Hugo Gutiérrez Vega
Orgullosos morirán
En la anterior columna les hablé de la retórica falangista y fascista de los educadores religiosos de nuestro país. Estos extremos ideológicos se modificaron al terminar la segunda guerra mundial, pero quedaron polvos de aquellos lodos y el himno del colegio de los jesuitas en Guadalajara siguió convocando a la lucha, a la victoria o la muerte, a sus alumnos y, en particular, a los que pertenecían a la Congregación Mariana y a otras agrupaciones piadosas. Vale la pena recordar otras partes del belicoso himno: “Nuestro Instituto,/ Fuerza y Energía,/ forjando temples que amen su deber,/ te ofrendará una juventud bravía/ que por saber morir sabrá vencer.” Todo un programa militar que mantenía los olores de la cruzada nacional del espadón Franco, de la segunda guerra cristera que, según mi abuela, fue ya puro bandidaje, y del levantamiento de un extraño caudillo religioso llamado Lauro Rocha que fue ultimado por la policía en algún barrio de Ciudad de México. El olor a pólvora se iba desvaneciendo, pero las obsesiones en materia de moral social e individual no habían cambiado un ápice. Mi compañera Lucinda, estudiante en un colegio de monjas de Querétaro, recordaba hace poco una oración-poema de pésima factura, pero de tremenda carga ideológica. Así dice: “Porque es el beso a la corola blanca de las flores más puras de la vida, la hoja primera que al pudor se arranca.” Una oración nos ponía a temblar todas las noches ligerísimamente pecaminosas: “Pecador, no te acuestes nunca en pecado, puede ser que despiertes ya condenado.” Mi primo Héctor, pío y escrupuloso, se levantaba de repente en la madrugada y corría rumbo a la residencia de los que mi abuela llamaba “los santos padres de la Compañía”. Uno de ellos dejaba su ventana abierta toda la noche para que los jóvenes pecadores fueran a confesarse. Mi primo era uno de los clientes más asiduos al rito del perdón, lo que significaba que su voluntad de arrepentimiento era más bien débil y escasa.

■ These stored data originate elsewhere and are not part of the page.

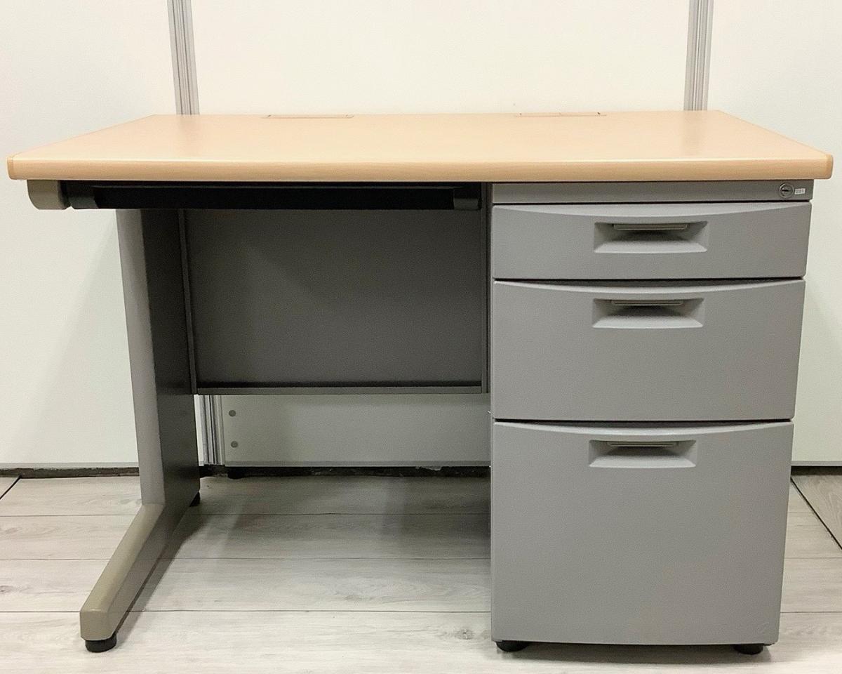 【幅1000㎜のコンパクトタイプ!使い勝手の良い3段収納の片袖机!】■イトーキ(ITOKI)製 CZNシリーズ 片袖机 ■W1000㎜ ■グレー ■シリンダー錠※横浜本店撮影画像- 横浜本店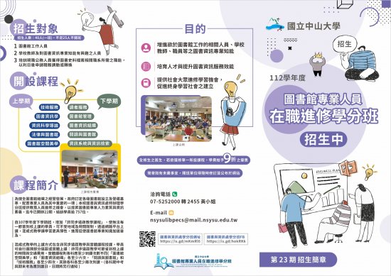 | 二、 | 為健全圖書館組織之經營發展,政府訂定各級圖書館設立及營運基準,配置專業人員為其中重要的一環;國立中山大學圖書與資訊處特辦理學分班提供教育人員進修之機會,以提昇圖書館專業人力素質與資訊素養,迄今已開辦22期,結訓學員逾 757位。 |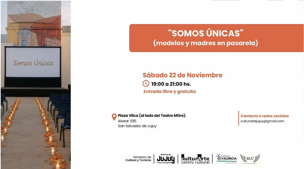 Bajo la consigna «SOMOS ÚNICAS» (modelos y madres en pasarela), se llevará a cabo un evento que busca romper estereotipos y celebrar la identidad. Organizado por CulturArte y el Ministerio de Cultura y Turismo, el encuentro promete una tarde distinta al aire libre.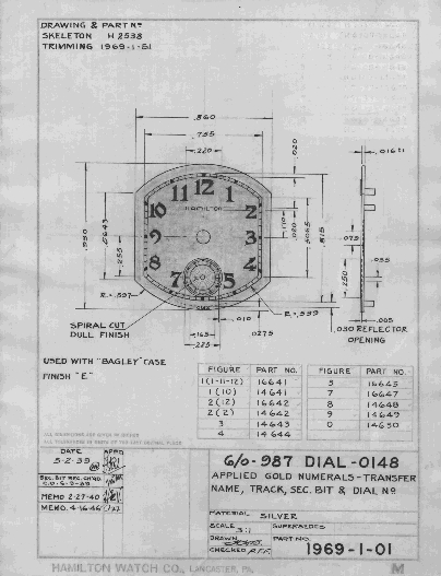 I have posted a Bagley applied gold numeral (no. 0148) blueprint below for review. As you can see, the number "0148" is posted on the bottom of the dial just as it is with Samie's (no. 0149) Black Transfer Numeral Dial. Interestingly, the Endicott Dials which contain earlier reference numbers than the Medwick and the Bagley (beginning with no. 0143 and going to no. 0145 [and yet another Endicott reference no. 0152 Gold Inlaid Roman Numeral Dial] ) do not contain the reference number on the dial face. The lack of dial reference numbers printed on the face of Hamilton dials pre-Medwick and there being none post-Bagley indicates to me that the practice was short lived indeed - only two model examples.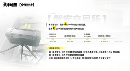 此后,每8次申领还会在【补充武库箱】和【率提升武器】之间交替发放

El Colegio ya había firmado una especie de modus vivendi con el gobierno estatal, que le permitía violar impunemente el artículo tercero de la Constitución y cubrir las apariencias vistiendo a los profesores con ropas civiles y quitando crucifijos e imágenes religiosas de las aulas cuando llegaba el inspector, sin duda miope perdido. En mis primeros años escolares la jerarquía recordaba las viejas épocas del dominio eclesiástico total sobre el país. El mejor alumno era nombrado príncipe del Colegio y las “dignidades” eran las siguientes: cuestor de pobres, edil de clase, jefe de filas, jefe deportivo. Se rezaban oraciones al principio de las clases y al final del día, pero los controles políticos salían del confesionario y de la estrategia basada en el sentimiento de culpa. Cuando estaba ya en secundaria noté los cambios. Para empezar, el príncipe desapareció y apareció una figura militar peninsular, el brigadier general. Los que ostentaban ese título eran generalmente miembros de las buenas familias de Guadalajara y, casi todos ellos, rubitos y de ojos claros, bien vestidos y modositos. Un año fue nombrado brigadier general un joven de apariencia indígena. Pronto nos enteramos que era hijo de un político influyente casado con una señora de las buenas familias. Esto significaba que los rudos revolucionarios mejoraban la raza uniéndose a las pálidas flores de invernadero de la ciudad reaccionaria. Debo advertir que esas flores eran bellísimas y que sus padres las cultivaban con esmero, para llevarlas al mercado matrimonial y casarlas con un nuevo rico al que la Revolución había hecho justicia. “No importa que sea prieto –decía mi tía Chole–, con tal de que tenga influencias y dinero.” Teniéndolos, se vuelve un prieto polveado y, como la segunda educación es la de la esposa, sin duda se volverá piadoso y civilizado. La tía recordaba el ejemplo de don Porfirio Díaz, polveado por doña Carmelita.
Ramón Pérez de Ayala, en su novela A. M. D. G., recuerda con pavor los días que pasó en un colegio jesuita del norte de España. Mis recuerdos son menos terribles. Yo diría que son más bien amables, pues las corruptelas, los arreglos y el cuidado de las apariencias nos daban un buen margen de libertad y obligaban a los hijos de Loyola a ser menos rígidos y militaristas. Además, entre los maestrillos crecían ya las voces de la Teología de la Liberación.